According to Mr. and Mrs. Planting our Pennies, becoming a young millionaire doesn’t require you to continuously climb the corporate ladder. They found good paying jobs that allowed them to have a solid work/life balance and they still achieved financial independence at a young age.

Let’s get inspired by this young couple to hit our financial goals and smile along the way.

The Details

How old are you? If you have a family, tell us about them and their ages.

Mr. PoP – We’re 35, no kids (currently), and one cat.

Mrs. PoP – But Kitty PoP is a truly awesome cat, I promise.

tech sales
Our truly awesome cat, Kitty PoP. 

What part of the country do you live in? Do you own your home or rent?

Mr. PoP – We live in Southwest Florida. We bought a foreclosed house as we were getting married in 2009 and have lived in it since then.

When did you start tracking your net worth? What was it at that time?

Mr. PoP – We started tracking our net worth together when we got married. It was about $50K in the fall of 2009, which was split pretty evenly between what we each brought to the union.  A few years later we wanted to get more serious about investing and living intentionally, so we started our blog to keep track and began to post our monthly net worth updates online.  At that point, we were worth about $300K.

What is your current net worth? What are your assets and what are your liabilities? 

Mrs. PoP – Though we stopped publishing our net worth on our website at the end of last year, we still do monthly round-ups with one another. At the last one of those at the end of September, our net worth, including equity in our primary residence was about $1.8M. The dip in the markets at the beginning of October means it’s probably a bit less than that now (maybe closer to $1.75M?), but we honestly don’t check day-to-day, even on days when major market moves are all over the news.

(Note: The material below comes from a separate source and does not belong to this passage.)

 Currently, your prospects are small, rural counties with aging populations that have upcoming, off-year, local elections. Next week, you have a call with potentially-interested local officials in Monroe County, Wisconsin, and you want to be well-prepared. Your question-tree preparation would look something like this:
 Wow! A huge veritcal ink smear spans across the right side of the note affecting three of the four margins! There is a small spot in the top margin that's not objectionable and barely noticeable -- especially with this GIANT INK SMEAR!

Mr. PoP – Major assets include our home, a duplex that we rent out, an empty lot that we’ve been holding for appreciation, and about $1.1M in low-cost index funds spread across two 401Ks, two Roth IRAs, an HSA, a Donor Advised Fund, and a plain ole’ joint taxable brokerage account.

The Process

What are your current sources of income? 

Mrs. PoP – Mr. PoP quit his job in June, but I’m still working for now and the duplex continues to bring in money as well.

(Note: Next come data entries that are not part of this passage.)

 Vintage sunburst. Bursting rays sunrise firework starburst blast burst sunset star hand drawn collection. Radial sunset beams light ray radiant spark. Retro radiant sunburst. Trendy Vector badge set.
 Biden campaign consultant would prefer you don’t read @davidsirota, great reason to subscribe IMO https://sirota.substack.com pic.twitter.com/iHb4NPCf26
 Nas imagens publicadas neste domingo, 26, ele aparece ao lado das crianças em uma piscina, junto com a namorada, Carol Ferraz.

What has been the single best thing you’ve done to increase your income up to this point?

Mr. PoP – I graduated with a degree in Philosophy, so employment opportunities were poor until I got into sales. B2B sales, particularly in software and technology, is a great career path for somebody looking to maximize their earnings.

Mrs. PoP – It might be kind of sacrilege to say in the FI community, but I would say that maximizing our income hasn’t *really* been a priority for us. Though we didn’t start off earning a ton, a few years into our marriage – after Mr. PoP’s successful transition to B2B sales in the tech industry – we found ourselves in a place where we worked hard-ish, and got rewarded pretty well for our efforts with combined income over $200K.

We could have pushed ourselves harder for more promotional opportunities or hopped to other companies for more responsibility and more pay, but we were pretty happy with where we were and we were working on enough projects outside of work that we didn’t really want to increase our work stress.  So we just kind of rode out these jobs until we hit financial independence rather than pushing ourselves for more challenges and higher pay.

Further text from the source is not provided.